### Your objective
Return the data below unchanged, without images.

Data extracted from a collection
☆ ☆ ☆ ☆ ☆

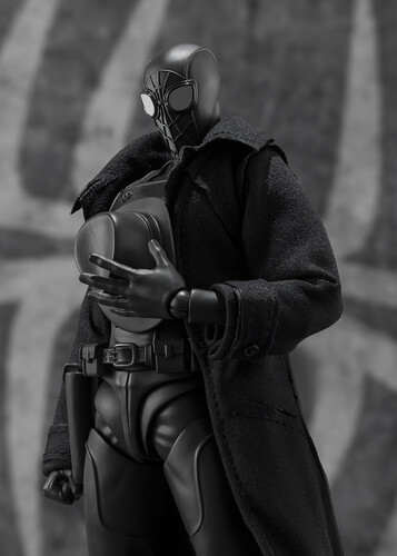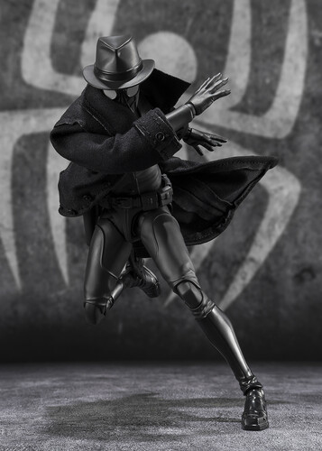 SPIDER-MAN NOIR's coat is made from cloth goods, allowing for the recreation of various dynamic action poses. In order to recreate various comical action sequences, SPIDER-HAM comes with various exchangeable parts. You can even equip him with his hammer!
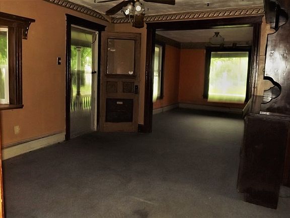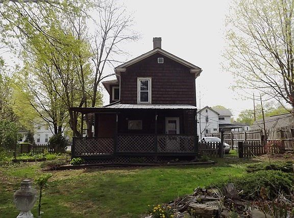 Home offers many nice features and priced to make this a worthwhile project. Over-Sized In-Town Lot planted with many Perennials. Home offers spacious Wrap-Around Porch and Covered Back Deck, Natural Woodwork throughout Foyer, Staircase, Solid Wood Doors, Flooring and Trim Work throughout. Large Kitchen w/Pantry, Formal Dining Room, Living Room plus Den and Half Bath on First Floor. Front and Back Staircase to Upper Floor, Spacious Rooms. Newer Vinyl Replacement Windows. Large Basement with plenty of Room for Storage and Workshop Area. Many updated Utilities, Furnace needs repair.
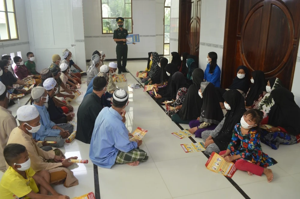 Đồn Biên phòng Nhơn Hội tuyên truyền cho đồng bào dân tộc Chăm ở ấp Búng Lớn, xã Nhơn Hội, huyện An Phú các biện pháp phòng, chống COVID-19.
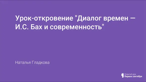 Урок-откровение по теме "Диалог времен - И.С.Бах и современность" в 7-м классе имеет место в системе уроков по Программе Д.Б. Кабалевского, а так же авторского элективного курса "Симбирск-Ульяновск музыкальный". Воспитание потребности учащихся в духовном совершенствовании, формирование устойчивого интереса к региональной культуре, сотворчество на уроке и деятельностный подход в обучении - вот та педагогическая идея, на которой построен урок.
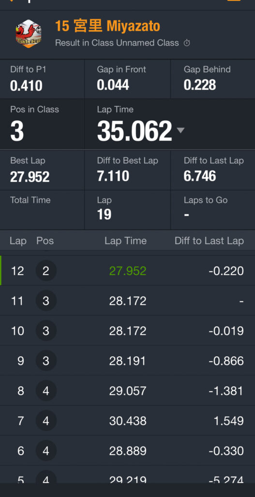 1周だけだとはいえ、この日にここまでタイムが詰まるとは思わなかったので、びっくり。
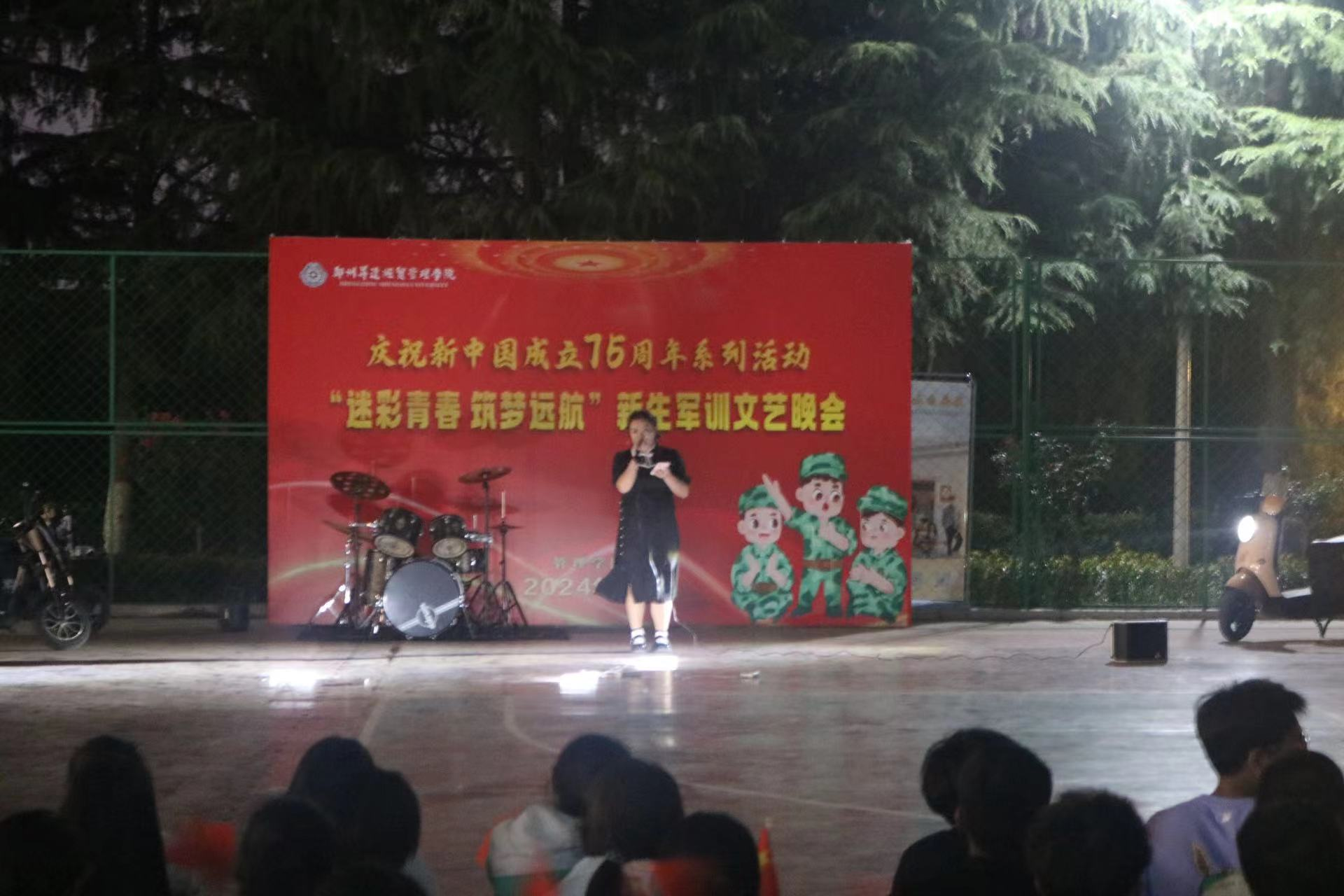 刘娜学姐为我们演唱了《小镇姑娘》,歌声悠悠,唱响了军训生活的酸甜苦辣。文艺部王泽涵带来《多远都要在一起》,她的歌声婉转深情,仿佛在诉说着新同学之间渐渐滋生的友谊。那音符从演唱者的口中飞出,在空气中交织、碰撞,最后化作一股暖流,流淌在每一个观众的心间。
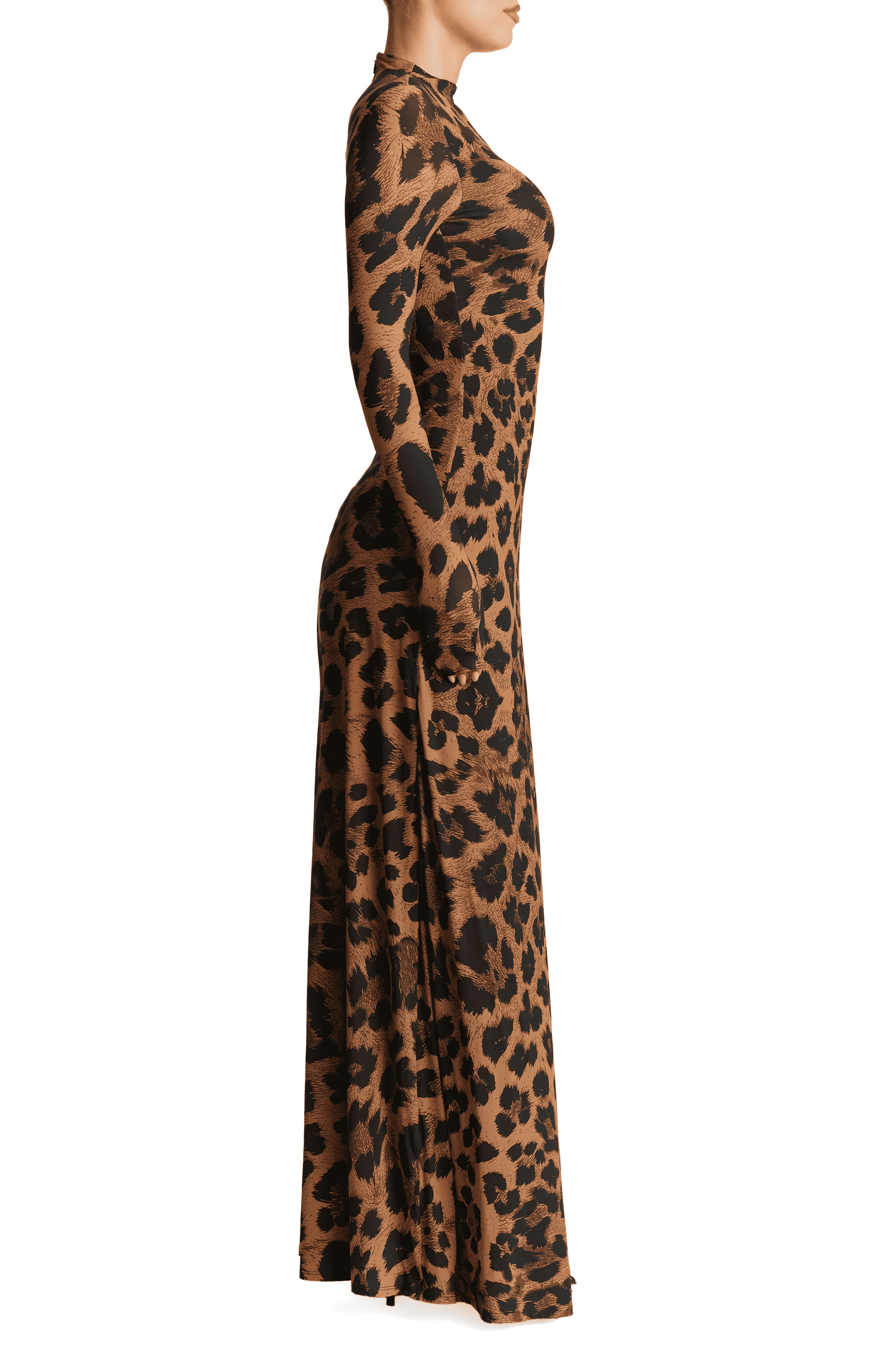 A stretch-enhanced construction is fitted at the bodice and flowy at the skirt of this chic leopard maxi dress that's sure to turn heads at your next night out.

☆ ☆ ☆ ☆ ☆

### Answer section
 SPIDER-MAN NOIR's coat is made from cloth goods, allowing for the recreation of various dynamic action poses. In order to recreate various comical action sequences, SPIDER-HAM comes with various exchangeable parts. You can even equip him with his hammer!
 Home offers many nice features and priced to make this a worthwhile project. Over-Sized In-Town Lot planted with many Perennials. Home offers spacious Wrap-Around Porch and Covered Back Deck, Natural Woodwork throughout Foyer, Staircase, Solid Wood Doors, Flooring and Trim Work throughout. Large Kitchen w/Pantry, Formal Dining Room, Living Room plus Den and Half Bath on First Floor. Front and Back Staircase to Upper Floor, Spacious Rooms. Newer Vinyl Replacement Windows. Large Basement with plenty of Room for Storage and Workshop Area. Many updated Utilities, Furnace needs repair.
 Đồn Biên phòng Nhơn Hội tuyên truyền cho đồng bào dân tộc Chăm ở ấp Búng Lớn, xã Nhơn Hội, huyện An Phú các biện pháp phòng, chống COVID-19.
 Урок-откровение по теме "Диалог времен - И.С.Бах и современность" в 7-м классе имеет место в системе уроков по Программе Д.Б. Кабалевского, а так же авторского элективного курса "Симбирск-Ульяновск музыкальный". Воспитание потребности учащихся в духовном совершенствовании, формирование устойчивого интереса к региональной культуре, сотворчество на уроке и деятельностный подход в обучении - вот та педагогическая идея, на которой построен урок.
 1周だけだとはいえ、この日にここまでタイムが詰まるとは思わなかったので、びっくり。
 刘娜学姐为我们演唱了《小镇姑娘》,歌声悠悠,唱响了军训生活的酸甜苦辣。文艺部王泽涵带来《多远都要在一起》,她的歌声婉转深情,仿佛在诉说着新同学之间渐渐滋生的友谊。那音符从演唱者的口中飞出,在空气中交织、碰撞,最后化作一股暖流,流淌在每一个观众的心间。
 A stretch-enhanced construction is fitted at the bodice and flowy at the skirt of this chic leopard maxi dress that's sure to turn heads at your next night out.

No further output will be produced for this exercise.